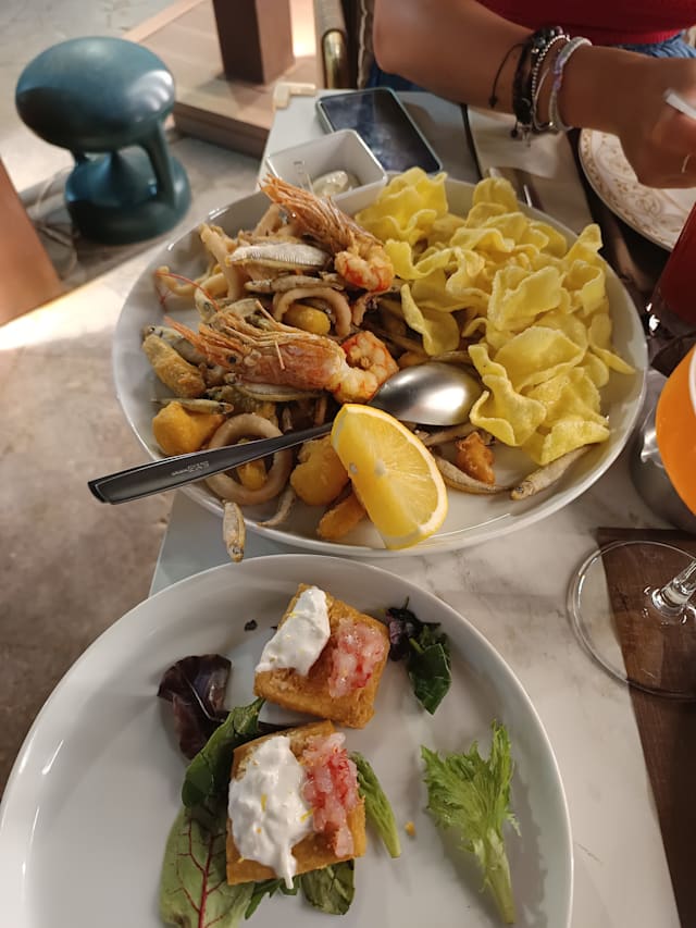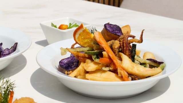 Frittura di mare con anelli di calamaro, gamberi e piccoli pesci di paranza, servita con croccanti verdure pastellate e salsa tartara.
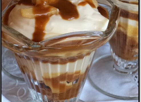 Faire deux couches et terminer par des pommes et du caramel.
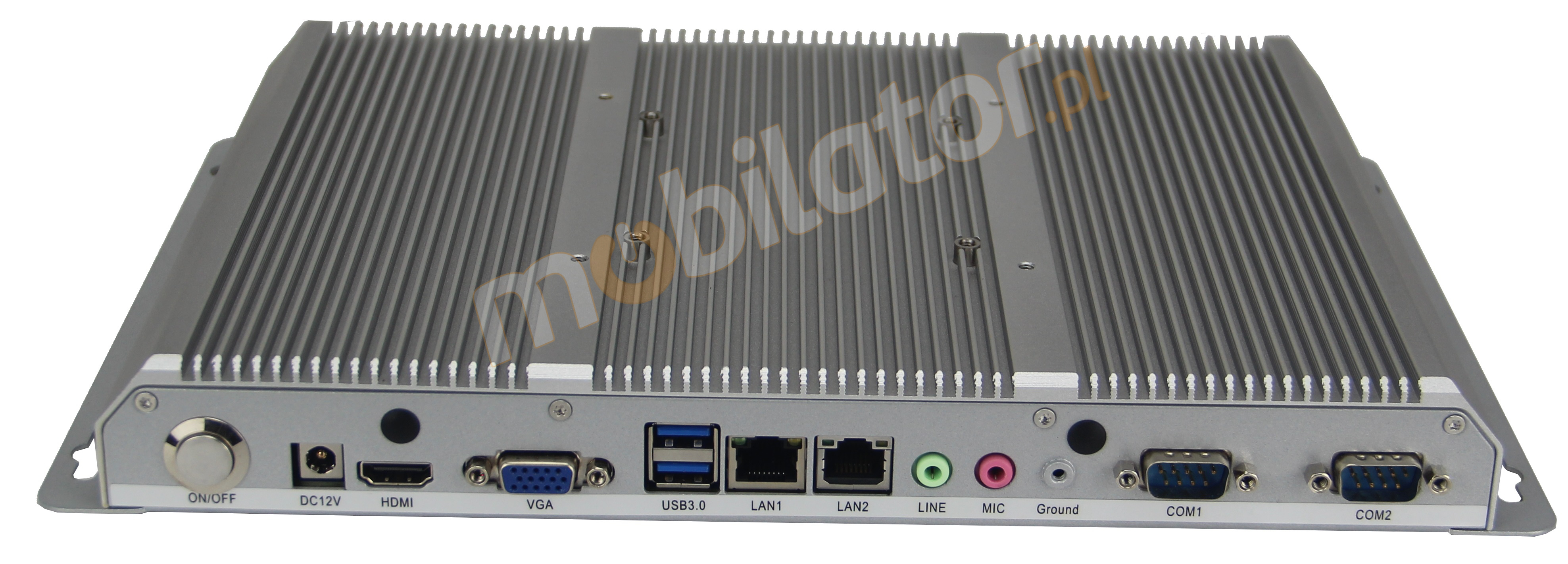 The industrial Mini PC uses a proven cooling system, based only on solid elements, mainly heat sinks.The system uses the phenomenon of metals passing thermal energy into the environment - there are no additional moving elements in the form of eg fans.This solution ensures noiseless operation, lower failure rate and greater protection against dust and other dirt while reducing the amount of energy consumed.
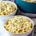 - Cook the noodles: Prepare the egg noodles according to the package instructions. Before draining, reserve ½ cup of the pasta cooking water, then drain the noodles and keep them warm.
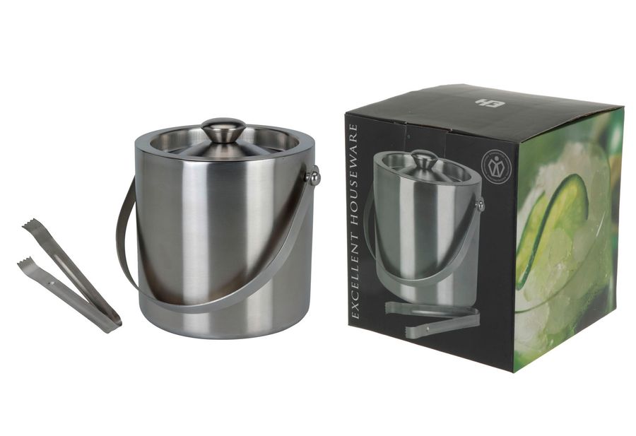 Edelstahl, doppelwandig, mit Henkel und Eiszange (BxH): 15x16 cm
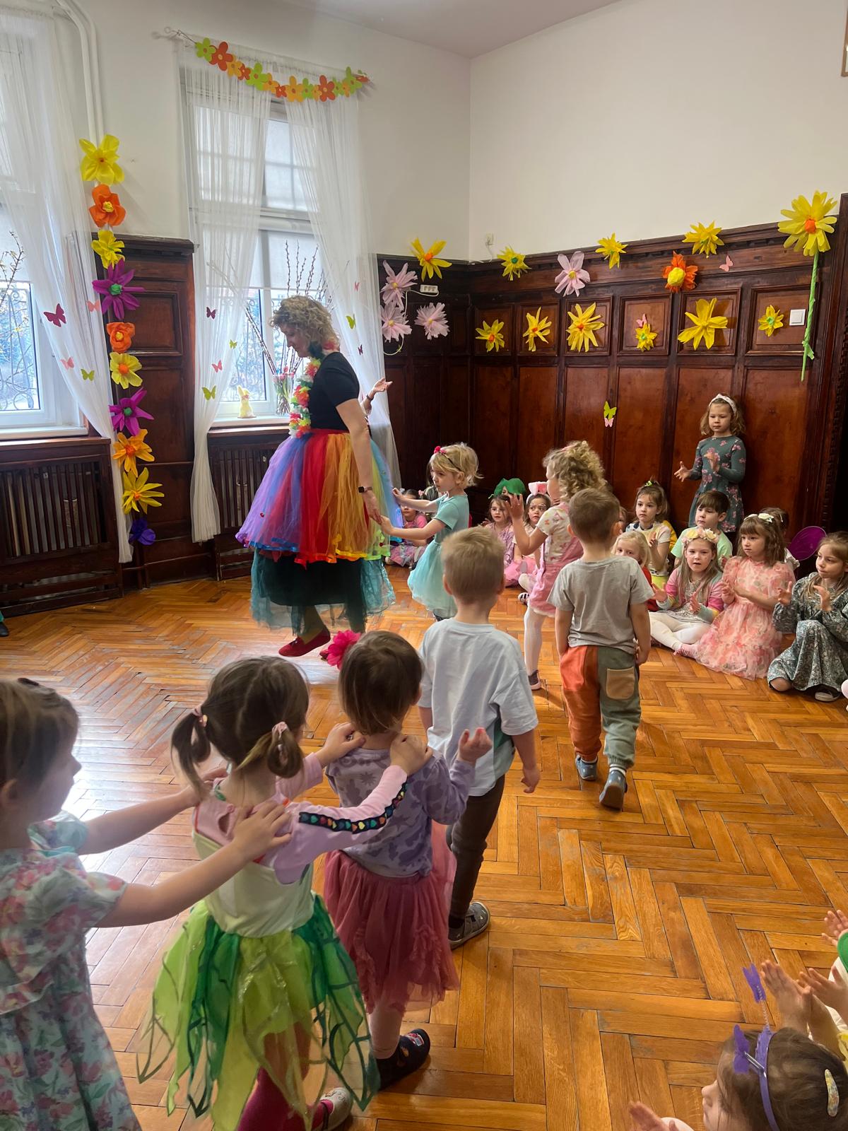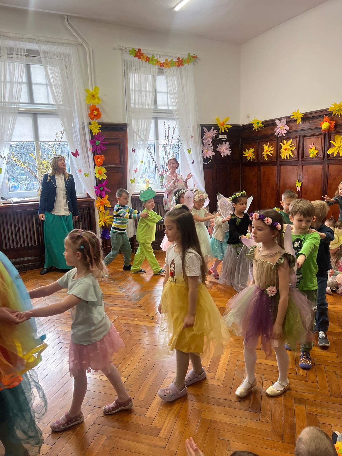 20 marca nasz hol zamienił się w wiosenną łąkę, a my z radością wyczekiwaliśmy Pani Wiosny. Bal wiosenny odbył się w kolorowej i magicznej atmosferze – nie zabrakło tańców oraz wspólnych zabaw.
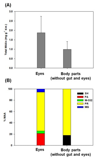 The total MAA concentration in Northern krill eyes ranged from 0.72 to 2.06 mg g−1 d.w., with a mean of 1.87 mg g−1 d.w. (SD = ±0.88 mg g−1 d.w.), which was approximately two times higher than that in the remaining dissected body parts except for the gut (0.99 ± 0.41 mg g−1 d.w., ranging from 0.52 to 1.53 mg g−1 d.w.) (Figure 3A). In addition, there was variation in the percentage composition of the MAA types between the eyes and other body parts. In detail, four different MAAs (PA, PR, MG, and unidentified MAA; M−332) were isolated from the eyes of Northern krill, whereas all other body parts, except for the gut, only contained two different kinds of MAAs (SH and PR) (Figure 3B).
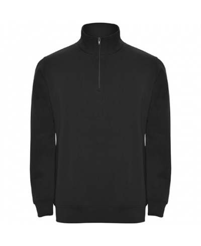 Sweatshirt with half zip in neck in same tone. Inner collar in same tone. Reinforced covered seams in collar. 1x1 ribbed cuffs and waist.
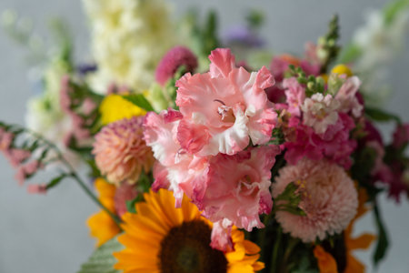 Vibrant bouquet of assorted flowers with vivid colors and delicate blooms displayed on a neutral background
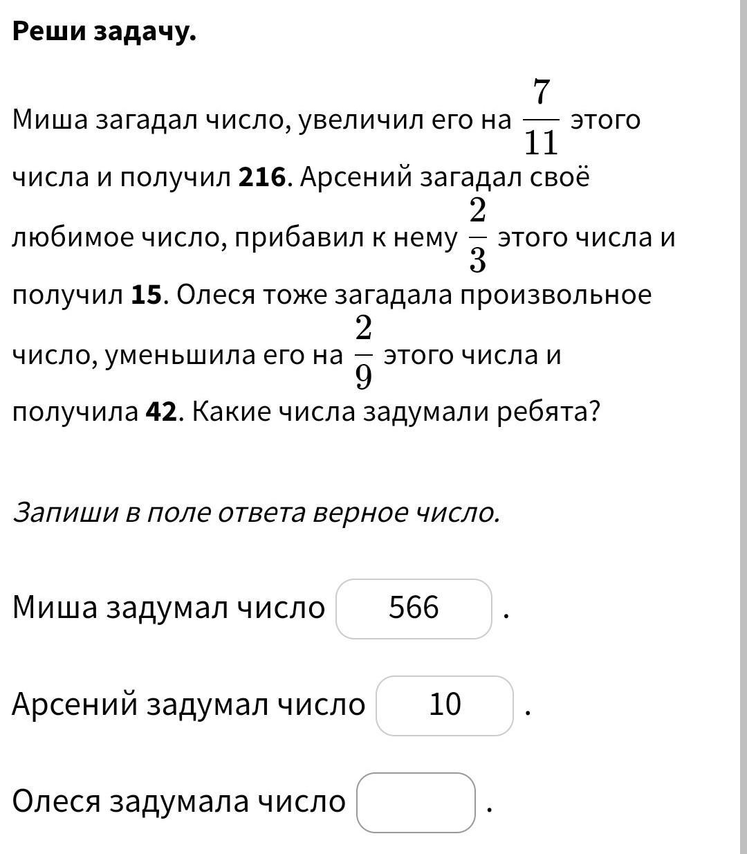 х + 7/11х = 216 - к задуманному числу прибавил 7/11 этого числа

• [About this exercise] Would you copy out every line of the data above exactly, minus the pictures?

• [Result for this exercise]
 Frittura di mare con anelli di calamaro, gamberi e piccoli pesci di paranza, servita con croccanti verdure pastellate e salsa tartara.
 Faire deux couches et terminer par des pommes et du caramel.
 The industrial Mini PC uses a proven cooling system, based only on solid elements, mainly heat sinks.The system uses the phenomenon of metals passing thermal energy into the environment - there are no additional moving elements in the form of eg fans.This solution ensures noiseless operation, lower failure rate and greater protection against dust and other dirt while reducing the amount of energy consumed.
 - Cook the noodles: Prepare the egg noodles according to the package instructions. Before draining, reserve ½ cup of the pasta cooking water, then drain the noodles and keep them warm.
 Edelstahl, doppelwandig, mit Henkel und Eiszange (BxH): 15x16 cm
 20 marca nasz hol zamienił się w wiosenną łąkę, a my z radością wyczekiwaliśmy Pani Wiosny. Bal wiosenny odbył się w kolorowej i magicznej atmosferze – nie zabrakło tańców oraz wspólnych zabaw.
 The total MAA concentration in Northern krill eyes ranged from 0.72 to 2.06 mg g−1 d.w., with a mean of 1.87 mg g−1 d.w. (SD = ±0.88 mg g−1 d.w.), which was approximately two times higher than that in the remaining dissected body parts except for the gut (0.99 ± 0.41 mg g−1 d.w., ranging from 0.52 to 1.53 mg g−1 d.w.) (Figure 3A). In addition, there was variation in the percentage composition of the MAA types between the eyes and other body parts. In detail, four different MAAs (PA, PR, MG, and unidentified MAA; M−332) were isolated from the eyes of Northern krill, whereas all other body parts, except for the gut, only contained two different kinds of MAAs (SH and PR) (Figure 3B).
 Sweatshirt with half zip in neck in same tone. Inner collar in same tone. Reinforced covered seams in collar. 1x1 ribbed cuffs and waist.
 Vibrant bouquet of assorted flowers with vivid colors and delicate blooms displayed on a neutral background
 х + 7/11х = 216 - к задуманному числу прибавил 7/11 этого числа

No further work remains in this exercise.